41-衆-法務委員会-8号 昭和37年12月07日

 

昭和三十七年十二月七日(金曜日)

    午前十一時九分開議

 

本日の会議に付した案件

 法務行政に関する件

     ――――◇―――――

 

○赤松委員 兵庫県に在職されておりましたならばよくおわかりだと思うのでありますけれども、関西へ参りますと、暴力団の巣くつは尼崎と姫路であるということが一般に言われておるわけでありますが、この点については、一つ勇気を持って暴力団に対する徹底的な検挙をやっていただきたい。例の釜ケ崎事件が起きまして、そうしてこの委員会から調査団を派遣したわけであります。私が現地調査をやりまして得ました確信は、御案内のように、一口に釜ケ崎と申しますけれども、あそこのベッドはおそらく東京の高級ホテルよりはるかに高いわけです。それからいろんな社会の落後者と言いますか、ルンペン、プロレタリアと言いますか、そういう人たちがあそこに多く住んでおります。しかし、これを一定の施策を施して更生させれば絶対にできる。そうして全住民構成の二割を暴力団が占めておる。この二割の暴力団を徹底的に検挙して、残る八割は非常に善良な市民でありますから、この善良な市民に対して更生の方法を講ずれば、私は一挙に更生できるという自信を得ておるわけであります。ところが、その二割の暴力団というものは、なお今日公然と釜ケ崎に巣食っているわけです。私ども驚いたことには、調査団が署長を先頭にずっと行きますと、変な黒い帽子をかぶって、細いズボンをはいて、何かあんちゃん気取りのやつが道にずっとたっているわけです。われわれの姿を見るとぱっと逃げるのです。逃げ込む家を見ますと、何々組という組の事務所なんです。事務所の中をのぞいてみますと、何々組のちょうちんがずっと並んでおる。それと同時に、鉄かぶと、木刀、そういったものが公然と事務所に陳列してあるわけですね。これは、いざけんかというときには、それぞれ鉄かぶとをかぶり、ちょうちんを持ち、木刀を持って飛び出す。そういうように白昼公然とけんかの態勢ができ上がっておるわけです。今の法律でこれを取り締まるということはなかなか困難であると思うのでありますけれども、しかし、すでに相手に対して暴力を加える武器を公然とそこに並べてあるのでありますから、やはりこういう点については、その撤去を求めるとかすることは私は可能であると思うのであります。要するに、あんちゃんの背景をなすものは何であるかというと、この鉄かぶとであり、木刀であり、あいくちであり、拳銃である、こういうことになるわけであります。従いまして、こういう点についても一つ格段の注意をしていただきたい、こう思います。
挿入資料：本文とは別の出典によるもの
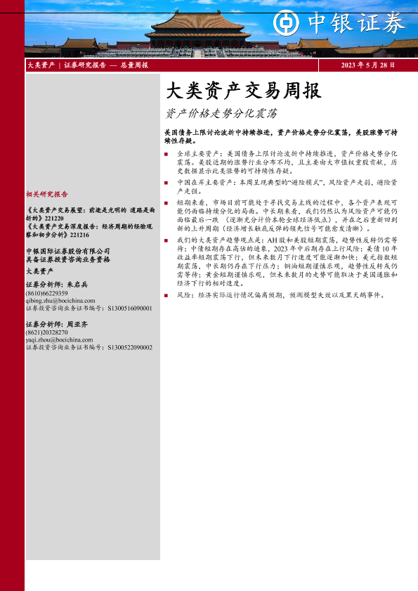 【中银证券】【20230528】大类资产交易周报:资产价格走势分化震荡-15页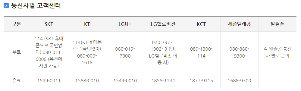 통신사별 고객센터 전화번호입니다. 참고하세요.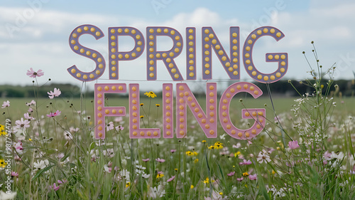 Pink and yellow spring fling sign in a field of wildflowers, joyful celebration of the season.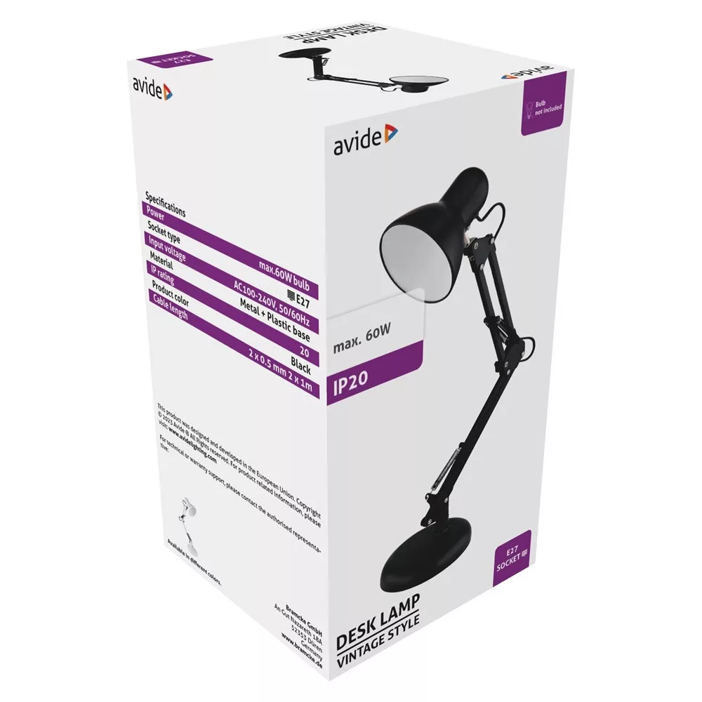 Az Avide Basic Asztali Lámpa egy vintage stílusú, fekete színű lámpa, amely tökéletes kiegészítője lehet bármely otthonnak vagy irodának. A lámpa készült strapabíró, minőségi műanyagból, amely hosszú élettartamot biztosít. A maximális 60W-os izzóval kompatibilis, így elegendő fényt nyújt a környezetének megvilágításához. Az asztali lámpa praktikus és könnyen használható, ideális olvasáshoz, munkához vagy hangulatvilágításhoz. A vintage stílusú designja elegáns és időtlen, így bármilyen belső térbe tökéletesen illeszkedik.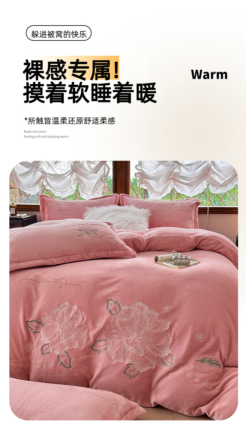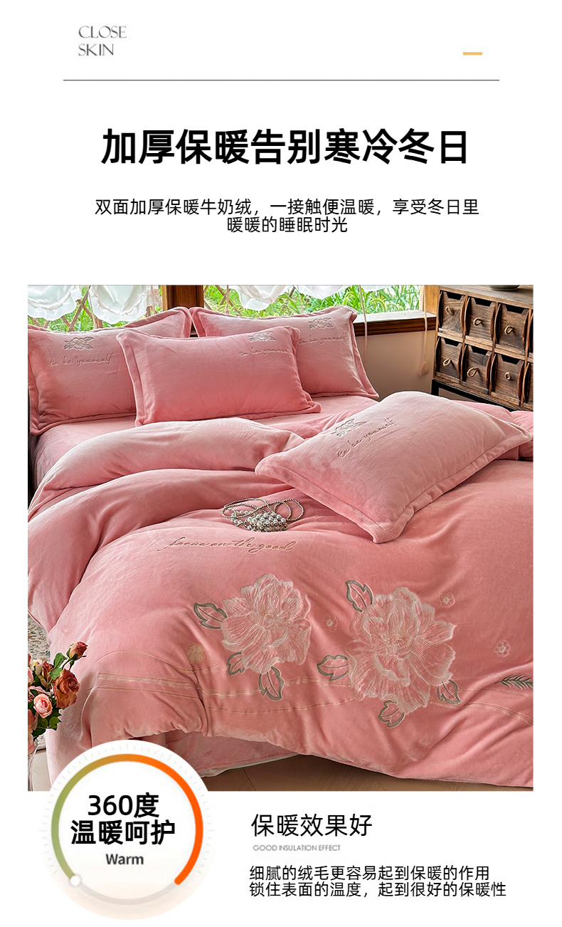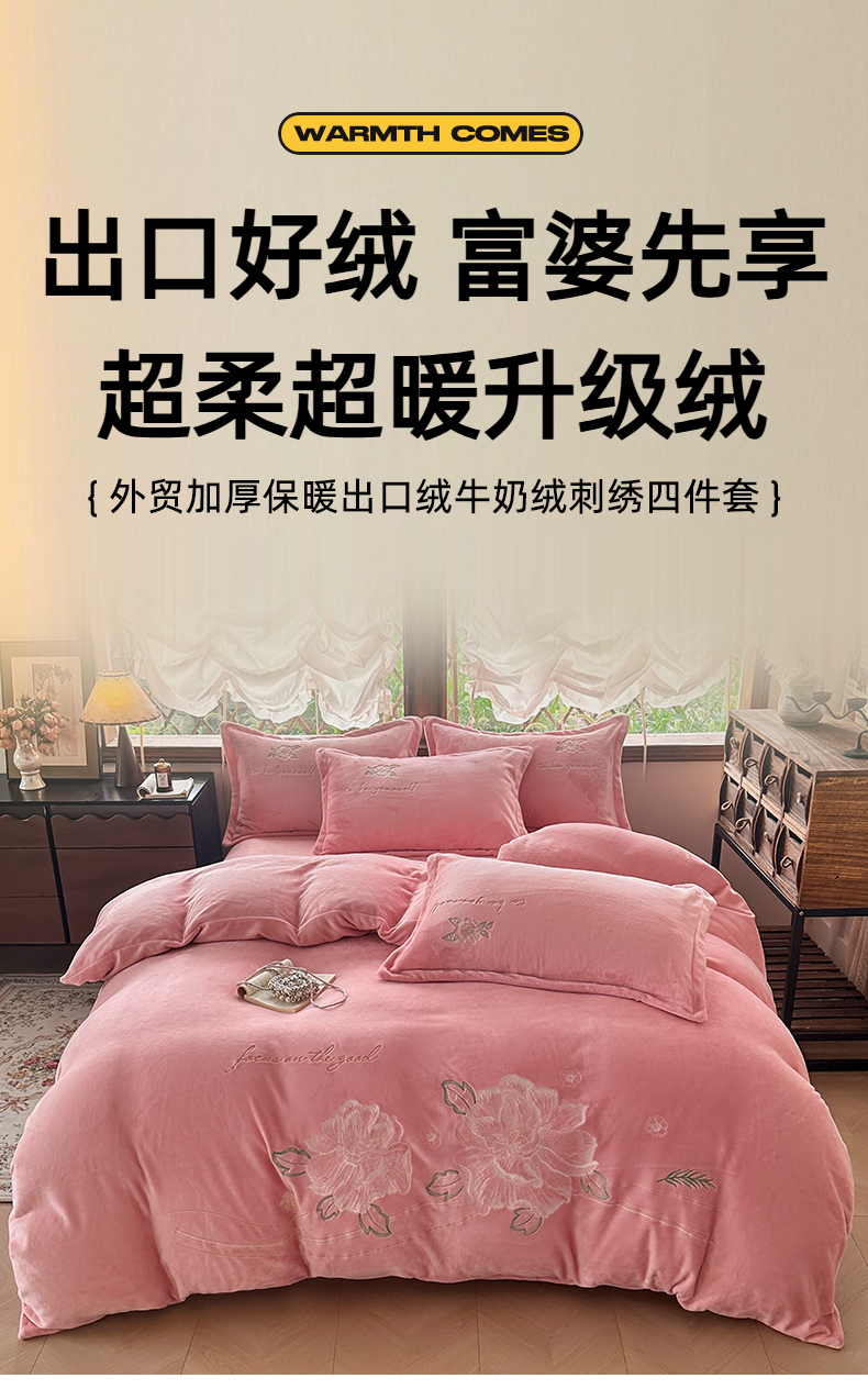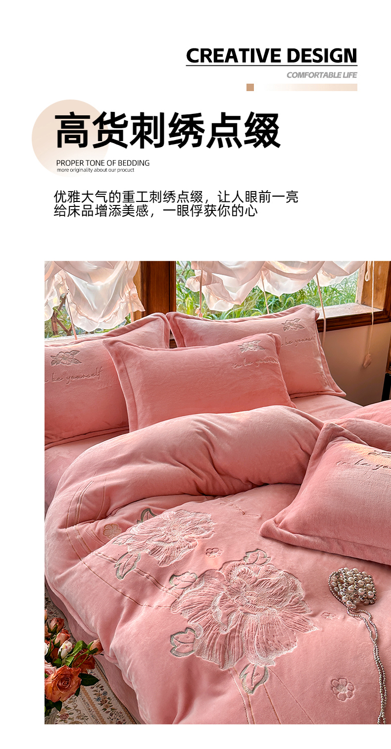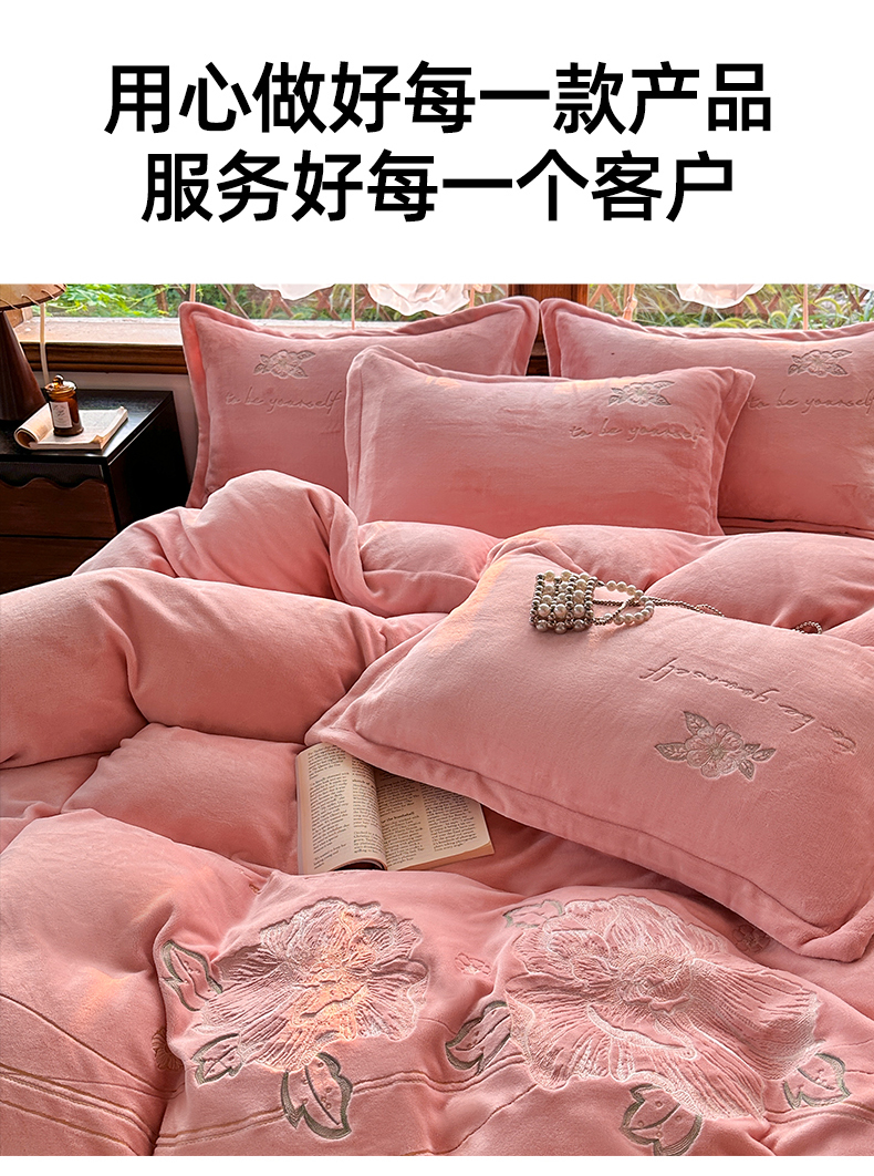 (总)【苏东来】2025高端加厚保暖外贸轻奢款纯色牛奶绒刺绣花四件套床单被套单品简约绒兔毛绒法莱绒婴儿绒套件,时光米黄,时光粉,时光卡其,时光天蓝,时光豆沙
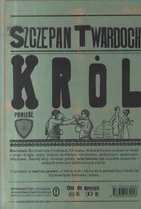 Szczepan Twardoch, Król Powieść Szczepana Twardocha „Król”to jedna z najgłośniejszych premier jesieni 2016 r. i czwarty tytuł tego autora w naszych zbiorach. Książka jest chwilami brutalna i pełna wulgaryzmów, a jednak czyta się ją wartko i docenia niewątpliwy talent narracyjny pisarza. Ciekawość budzi już okładka stylistyką przypominająca wydania utworów przedwojennych. Akcja toczy się w Warszawie, głównie w okolicach Nalewek,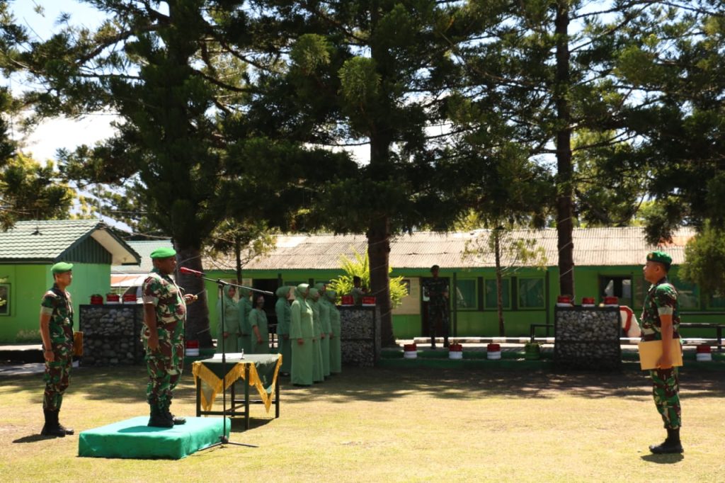 Wamena – Dandim 1702/JWY Letkol Cpn Athenius Murip, S.H.,M.H memimpin langsung tradisi Koprapot pindah satuan, di Lapangan Upacara Makodim 1702/Jayawijaya. (15/09/2022)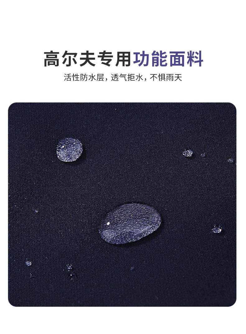 产品介绍1隐藏式拉链口袋,双向弹力;高尔夫专用功能面料,活性防水层,透气拒水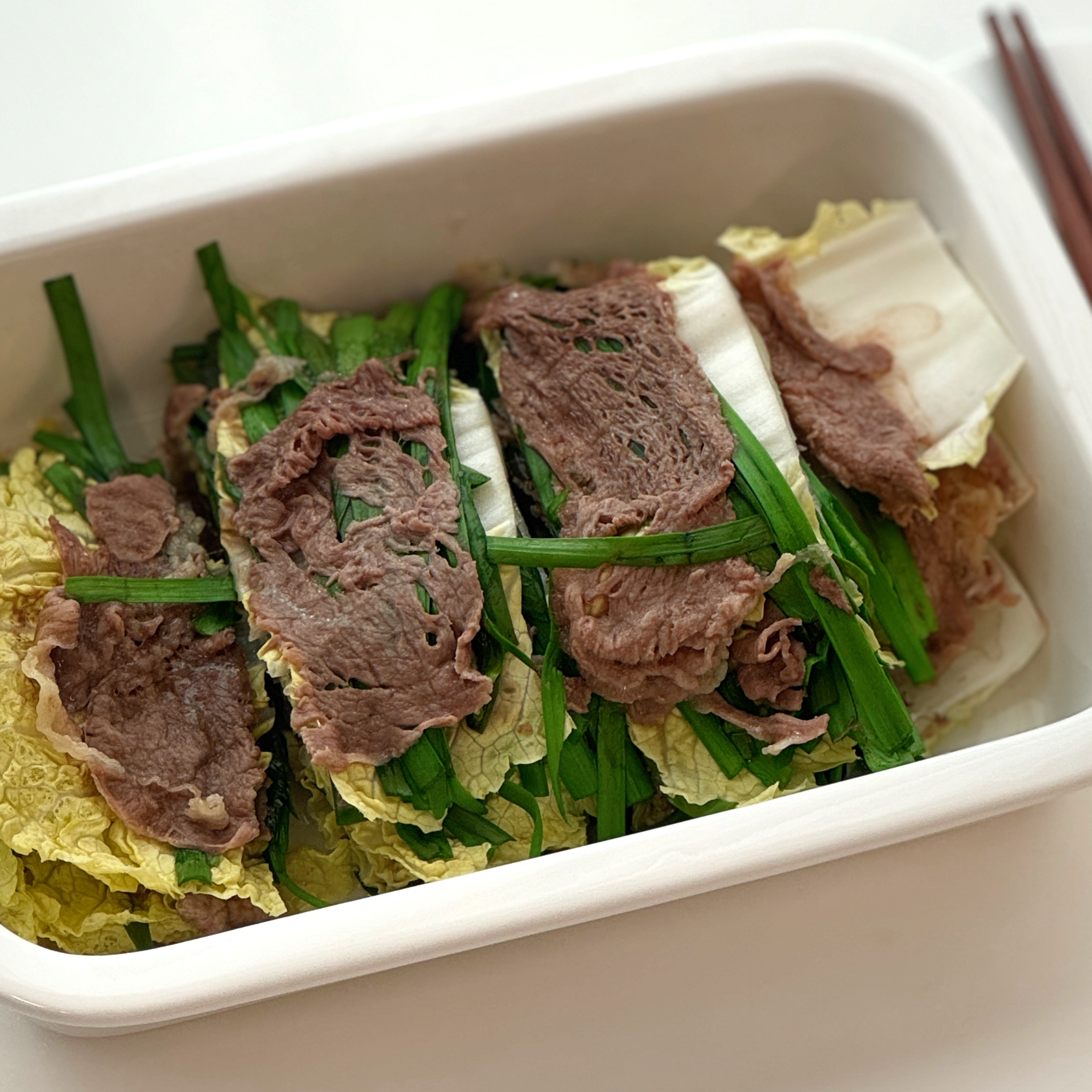 전자레인지 5분 만에 완성되는 소고기 배추찜입니다.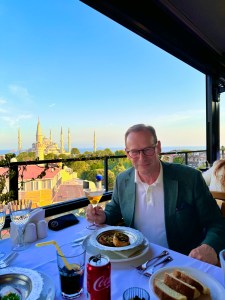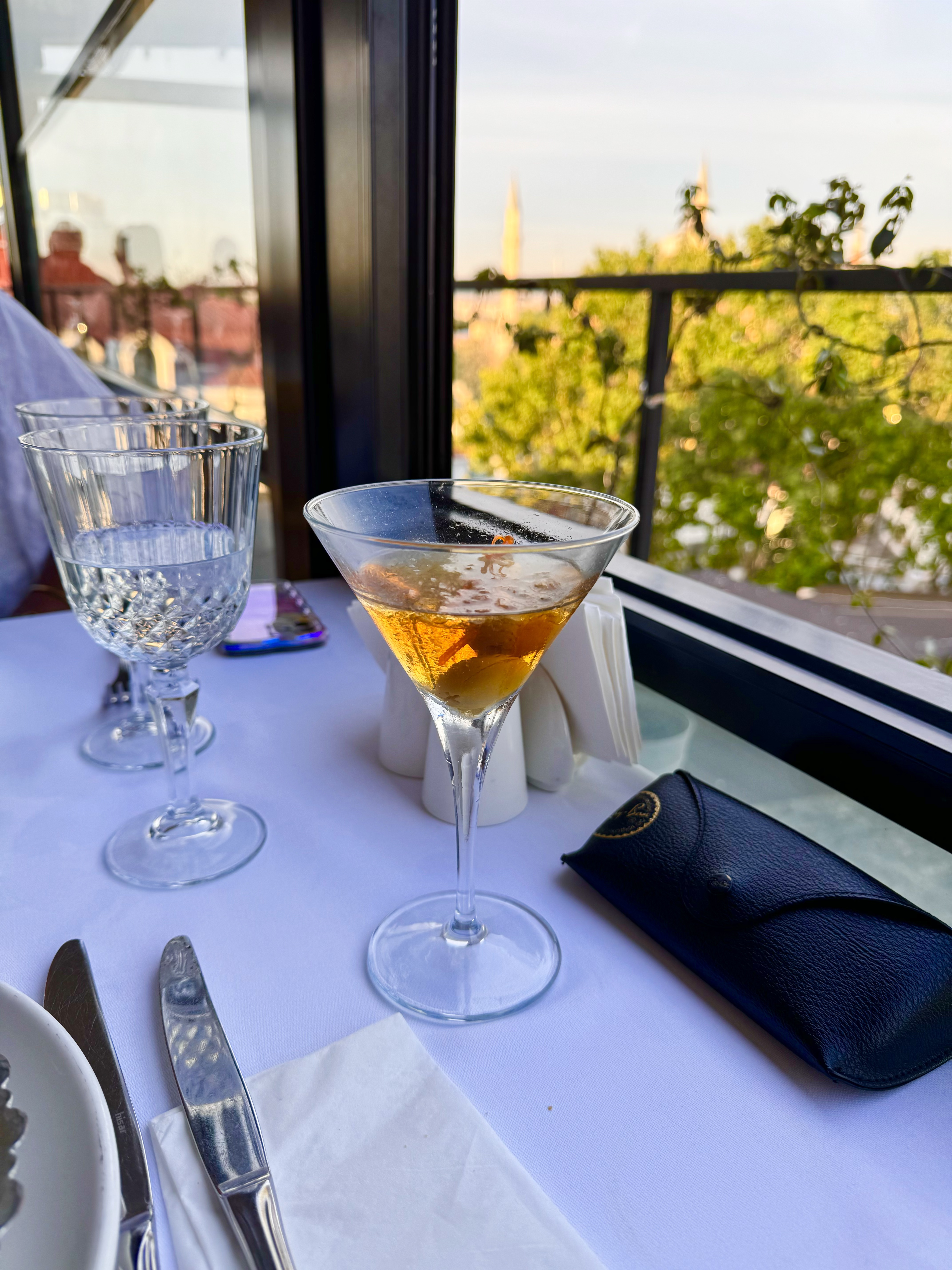 You can see the Sea of Marmara, the Bosphorus, and the Golden Horn. A simply stunning location. I ordered a dry martini, and a slice of lemon peel, but I’m not quite sure what I eventually had to drink. The vermouth was a cross between a sweet and a dry, with an orange hue, and then two olives, not a slice of lemon peel. However, at this stage of a very long day, I was not in the mood to have a disagreement with the barman, so I simply embraced the mystery!

 それと同時に、私は思うのですが、最近映画あるいはテレビなどを見ましても、映倫の存在は、私はエロチシズムを取り締まるということだけでなしに、むしろあれなんかは、いわば頽廃的な傾向で、これはある程度思想的な教育その他によっても是正できる。しかしながら、そうでなしに、今殺し屋といったようなものがどんどん、これは輸入映画だけではありません、日活その他でこういうものがどんどんつくられている。映画の影響というものは非常に大きいものです。しかし、これは今野放しになっているというのが現状なんです。この間も新聞でやかましく言われておりましたが、例のほとんど本物の拳銃と違わないような玩具のピストルが出ている。これなども私は、業者がつくってもうけたいという気持はよくわかるのですけれども、これが社会的にどんなに悪用されておるかということは、私が申し上げるまでもなくよく御存じだと思うのであります。こういう一連の暴力を助長するような傾向を克服するために、私は、警察庁として一定の方針を立てて、これに対して断固とした取り締まりの方針を打ち立てて実行していくことが必要じゃないかと思うのですが、こういう点についてはいかがでございましょうか。

 

○野田説明員 暴力を是認する、あるいは暴力を容認するというような社会風潮が存在することは治安上非常に重視すべき問題でございまして、やはり法を意識的に無視し、軽視し、あるいは暴力を是認するという風潮に対しましては、あらゆる機会に適切な方法を発見してこれを是正していかなければならないというふうに考えております。先ほどちょっとお話がありましたいわゆる暴力団、ぐれん隊等の持っているいわば凶器になるようなものにつきましては、これは銃砲刀剣につきましては、銃砲刀剣の所持禁止の法令によりまして取り締まっていくように努めております。現に御承知のように、尼崎等でたしか三十五年の三月初めと思いますが、組同士の乱闘事件がありまして、それを契機に尼崎等におきましても暴力追放の市民運動も非常に強くなったわけでございまして、自来暴力団等の公然たる活動につきましては相当是正はされてきておると思うのです。兵庫県の暴力の取り締まり等も、三十四年に約二千件、三十五年に三千五百件、三十六年には約五千件というふうに、非常に暴力関係の事案の取り締まりは強化されております。その間に凶器の不法所持とか、あるいはいわゆる集団的な暴力のための集合は、いわゆる凶器準備集合罪あるいは銃砲刀剣不法所持という形で乱闘直前に押えているという例が毎年約十七、八件あるわけです。そういう形で、暴力団の情報というものがかなり前に入りますと、乱闘一歩前という段階でこれを凶器準備集合罪なりあるいは銃砲刀剣不法所持なり、そういう形で押えることができる。ですから、いろいろな情報なり動きに応じて、できる限り迅速にそれらの者を取り締まっていく。同時に、ある程度暴力関係の事案の内偵が進みますれば、押収捜索等によって合法的に入り得る機会にそれらのものを押収していくというようなことにも努めております。特に今お話のありましたように、暴力団等の暴力を助長し、暴力を是認するような動向につきましては、今後ともあらゆる機会を通じて十分な取り締まりを実行させていくというふうに考えております。